- **EXERCISE BRIEF**
Transcribe all records below exactly, without images.
•••
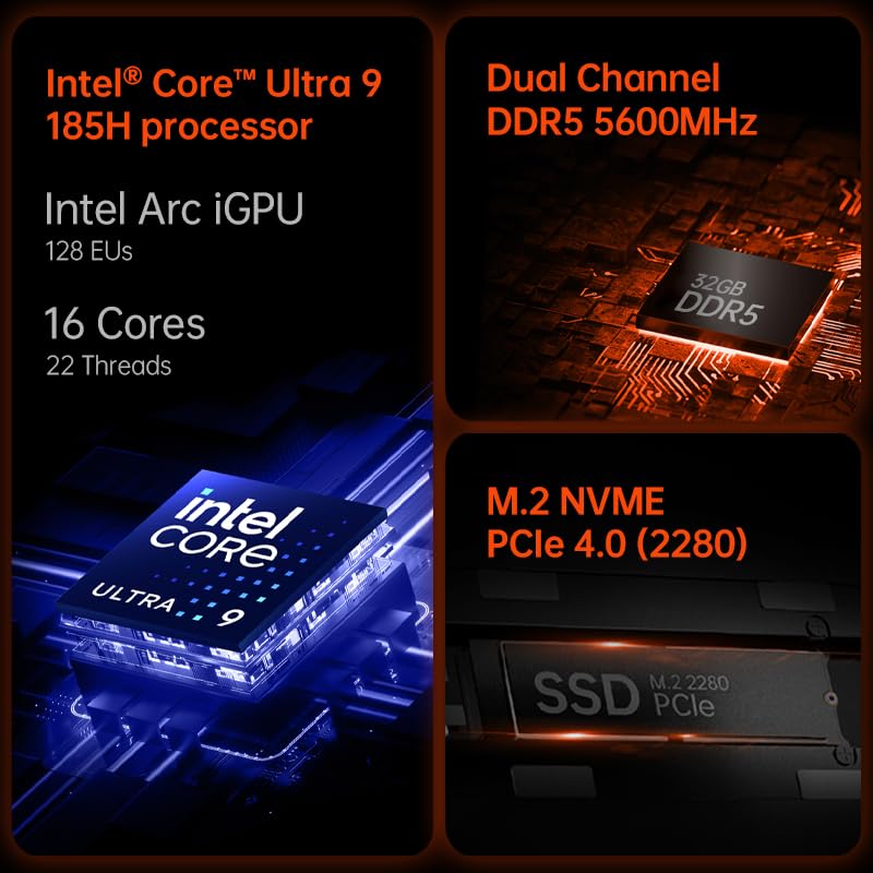 Equipped with dual-channel 32GB DDR5 5600MHz RAM and 1TB PCIe 4.0 (M.2 2280) Nvme SSD, you can easily swap the SSD, just remove the magnet cover, no need to take apart the device.
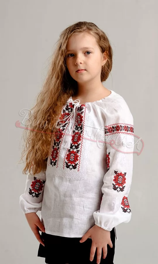 Дитяча вишита сорочка білого кольору. Квітковий узор в червоно-чорних тонах прикрашає рукава та перед вишиванки. Горловина на зав'язках, з білими китицями.
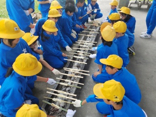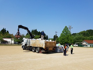 校務員のみなさんに、たすきを縫っていただいたり、太鼓の台を作っていただいたりしました。ありがとうございました。
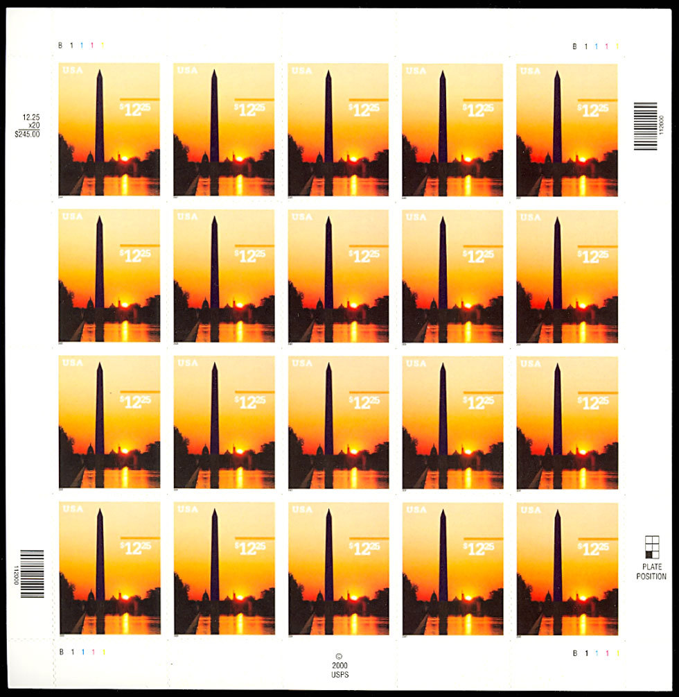 3473, $12.25 2001 Express Mail Full Sheet of 20 Stamps CV $685.00 - Stuart Katz
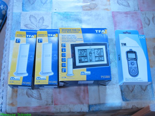 Links zwei Temperaturfühler *, in der Mitte die zugehörige Wetterstation *
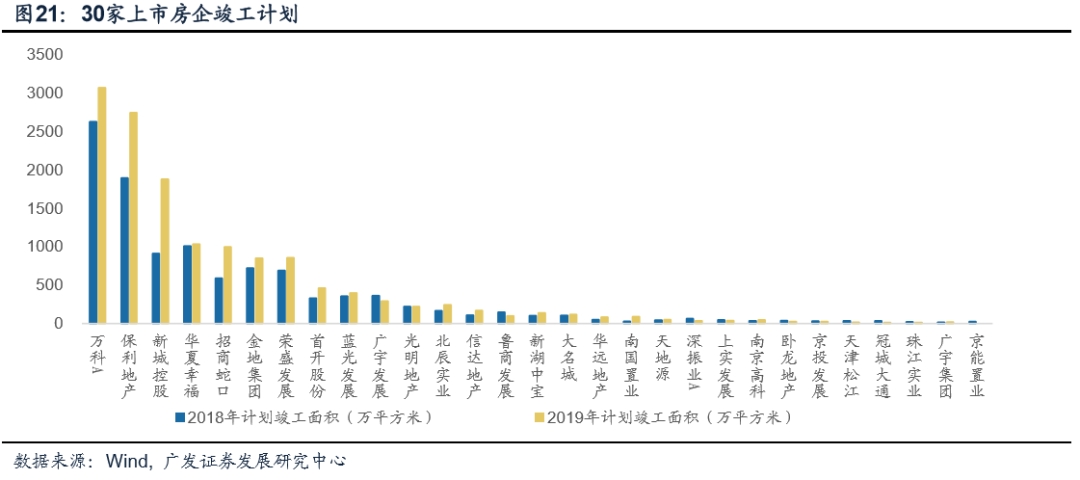 我们基于两点逻辑判断,目前(2019Q4)已大致处于施工周期顶部:第一是根据房地产周期运行规律推演施工阶段的结束时点,商品房销售峰值出现在2016-17年,而“预售-施工-竣工”周期大约需要耗时2-3年,本轮可能更久;第二是房地产企业竣工计划对项目竣工形成了硬性约束,2019年30家房地产上市公司竣工计划同比增长了30%,一旦施工项目进入竣工环节,必然带动施工增速下降。
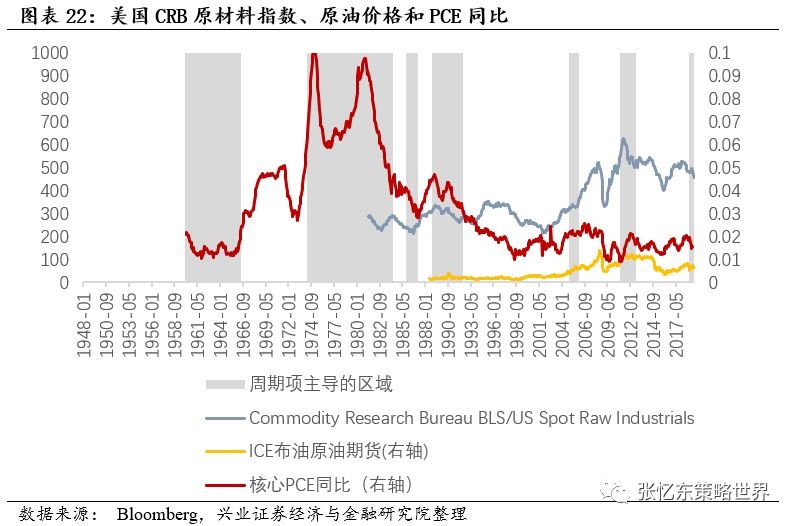 当周期项解释度大于0.5,我们认为此时PCE为周期项所主导。60年代至今由周期主导的通胀时间段如下:
•••
- **RESULT**
 Equipped with dual-channel 32GB DDR5 5600MHz RAM and 1TB PCIe 4.0 (M.2 2280) Nvme SSD, you can easily swap the SSD, just remove the magnet cover, no need to take apart the device.
 Дитяча вишита сорочка білого кольору. Квітковий узор в червоно-чорних тонах прикрашає рукава та перед вишиванки. Горловина на зав'язках, з білими китицями.
 校務員のみなさんに、たすきを縫っていただいたり、太鼓の台を作っていただいたりしました。ありがとうございました。
 3473, $12.25 2001 Express Mail Full Sheet of 20 Stamps CV $685.00 - Stuart Katz
 Links zwei Temperaturfühler *, in der Mitte die zugehörige Wetterstation *
 我们基于两点逻辑判断,目前(2019Q4)已大致处于施工周期顶部:第一是根据房地产周期运行规律推演施工阶段的结束时点,商品房销售峰值出现在2016-17年,而“预售-施工-竣工”周期大约需要耗时2-3年,本轮可能更久;第二是房地产企业竣工计划对项目竣工形成了硬性约束,2019年30家房地产上市公司竣工计划同比增长了30%,一旦施工项目进入竣工环节,必然带动施工增速下降。
 当周期项解释度大于0.5,我们认为此时PCE为周期项所主导。60年代至今由周期主导的通胀时间段如下:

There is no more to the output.